*WHAT THIS TASK INVOLVES*. Reproduce only what runs from the line containing "エンジェルハート、パラレルワ" to the line containing "Inspired by the" in the records below, inclusive. Keep it exact, and keep the pictures out.

*SUPPLIED MATERIAL*.
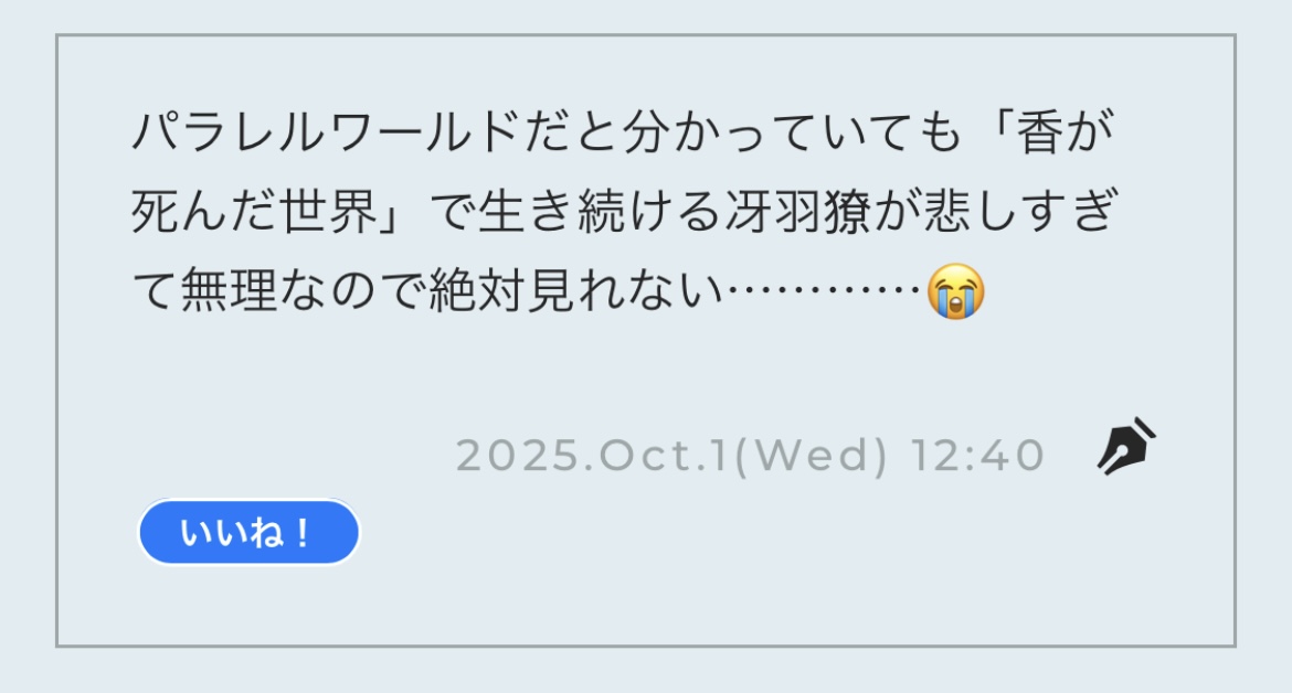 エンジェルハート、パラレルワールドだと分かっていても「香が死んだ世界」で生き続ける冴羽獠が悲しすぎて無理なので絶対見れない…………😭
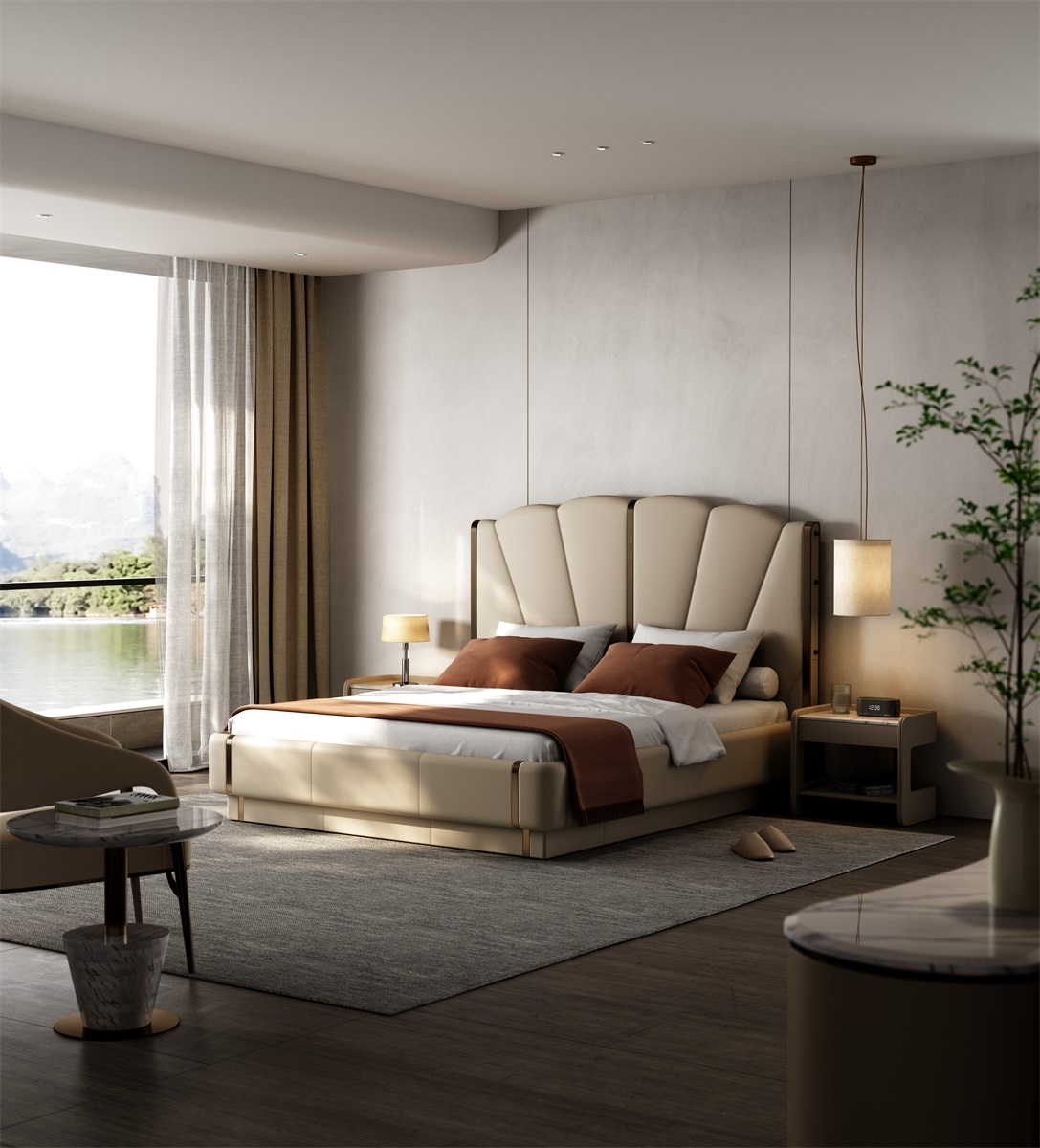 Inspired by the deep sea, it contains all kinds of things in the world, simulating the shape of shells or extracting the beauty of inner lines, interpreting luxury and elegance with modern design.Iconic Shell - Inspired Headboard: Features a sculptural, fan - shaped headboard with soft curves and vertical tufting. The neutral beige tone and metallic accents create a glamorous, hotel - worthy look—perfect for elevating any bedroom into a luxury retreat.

---

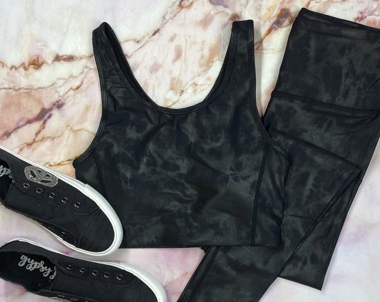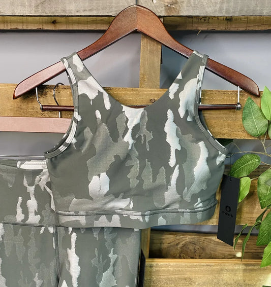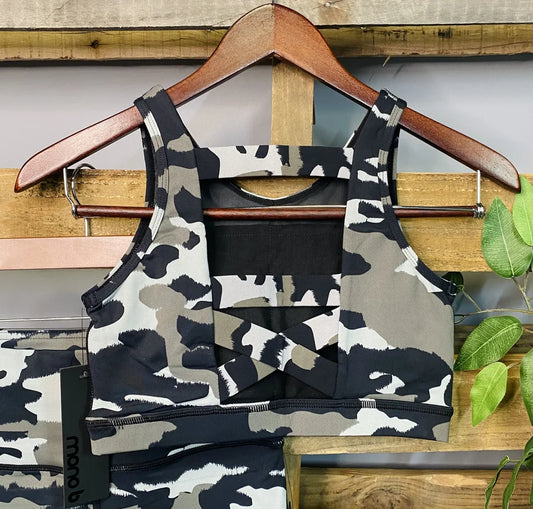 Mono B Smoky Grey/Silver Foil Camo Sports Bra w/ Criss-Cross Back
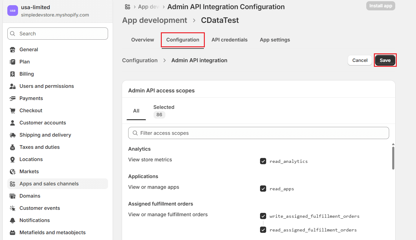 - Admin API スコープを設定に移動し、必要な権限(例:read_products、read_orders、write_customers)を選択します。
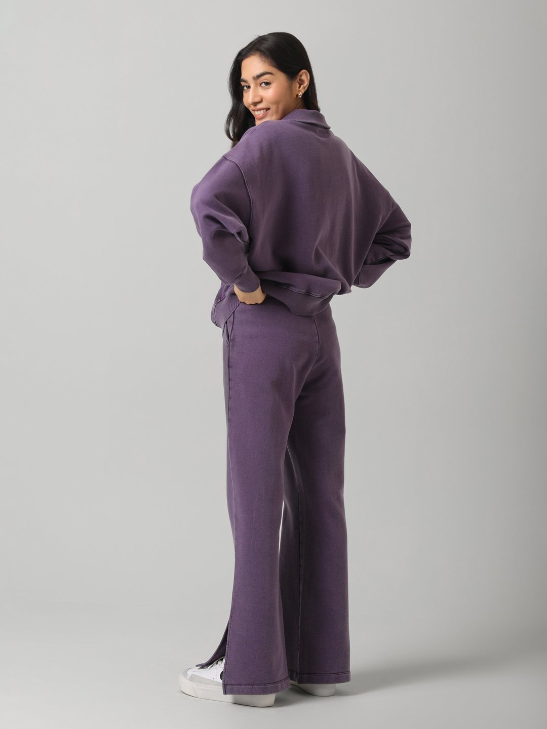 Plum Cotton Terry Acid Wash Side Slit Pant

* * *

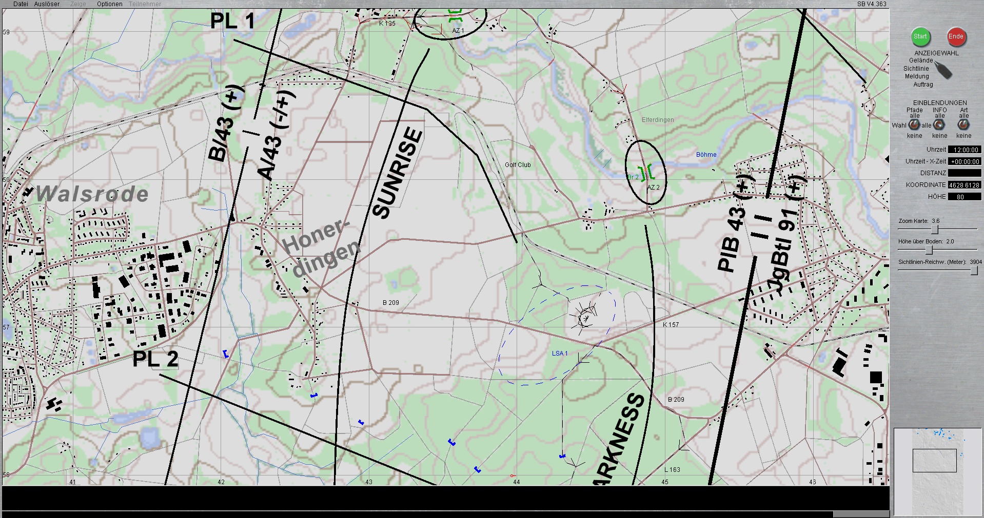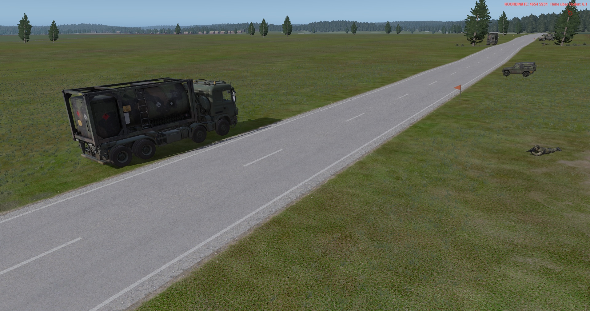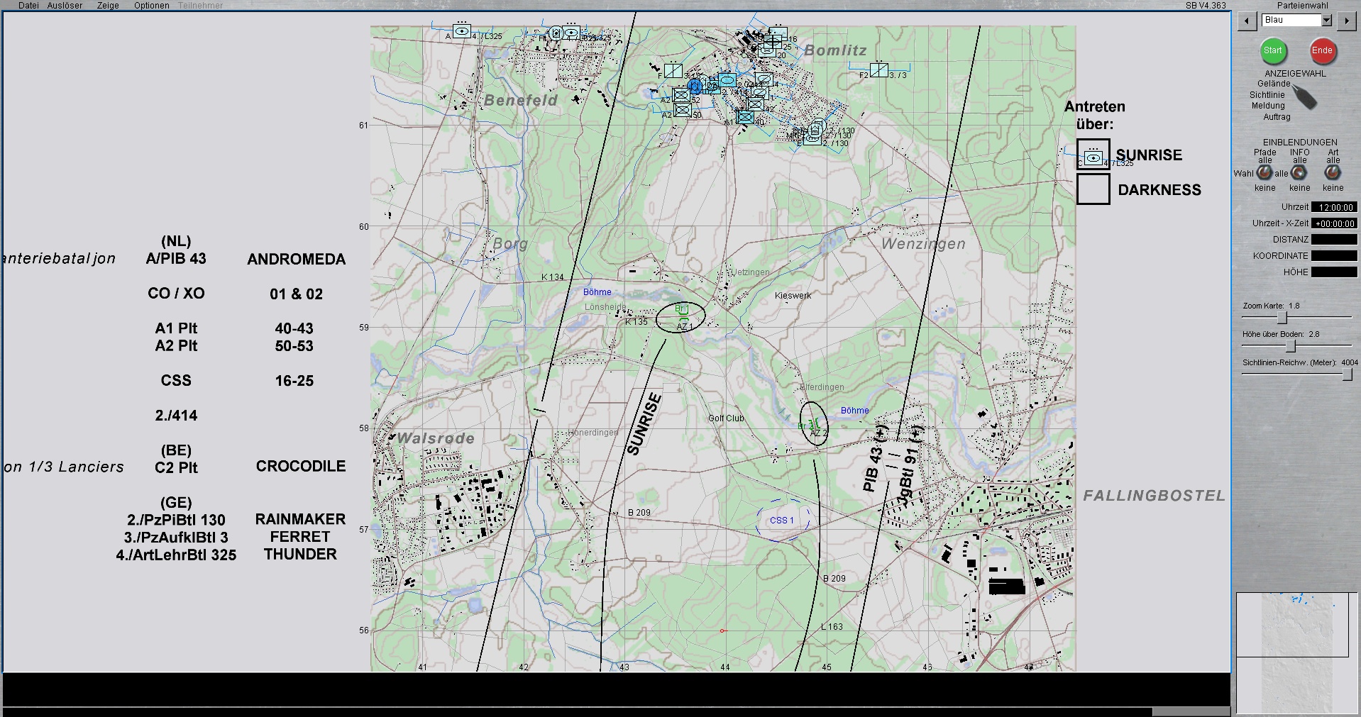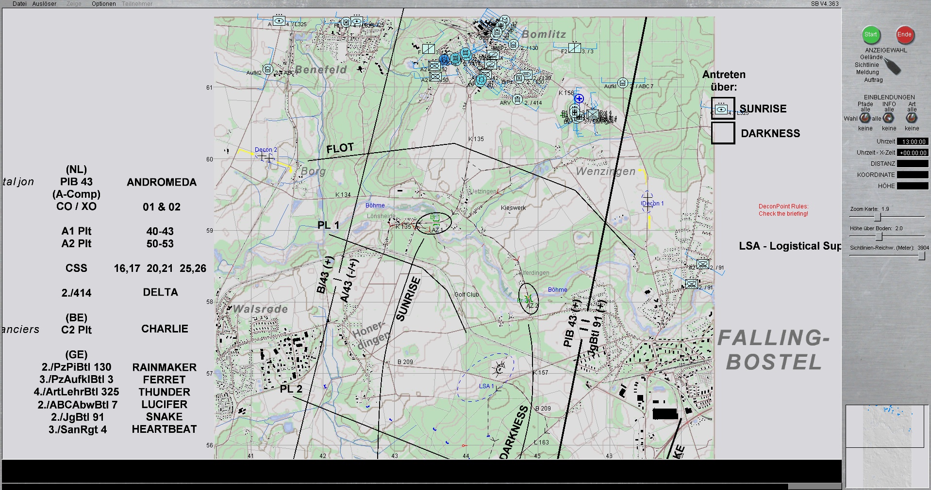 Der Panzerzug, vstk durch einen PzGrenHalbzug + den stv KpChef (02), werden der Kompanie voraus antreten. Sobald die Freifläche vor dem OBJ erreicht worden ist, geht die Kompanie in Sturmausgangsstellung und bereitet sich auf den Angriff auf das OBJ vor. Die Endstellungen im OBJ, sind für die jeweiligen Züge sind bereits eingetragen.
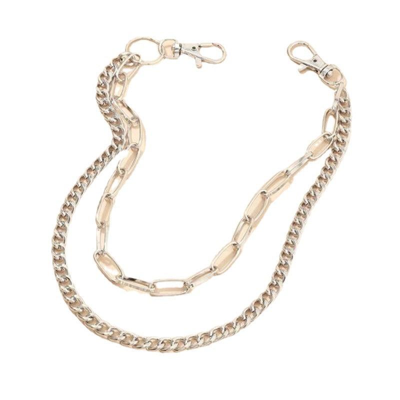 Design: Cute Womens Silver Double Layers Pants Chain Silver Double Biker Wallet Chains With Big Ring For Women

*WRITTEN SOLUTION*.
 エンジェルハート、パラレルワールドだと分かっていても「香が死んだ世界」で生き続ける冴羽獠が悲しすぎて無理なので絶対見れない…………😭
 Inspired by the deep sea, it contains all kinds of things in the world, simulating the shape of shells or extracting the beauty of inner lines, interpreting luxury and elegance with modern design.Iconic Shell - Inspired Headboard: Features a sculptural, fan - shaped headboard with soft curves and vertical tufting. The neutral beige tone and metallic accents create a glamorous, hotel - worthy look—perfect for elevating any bedroom into a luxury retreat.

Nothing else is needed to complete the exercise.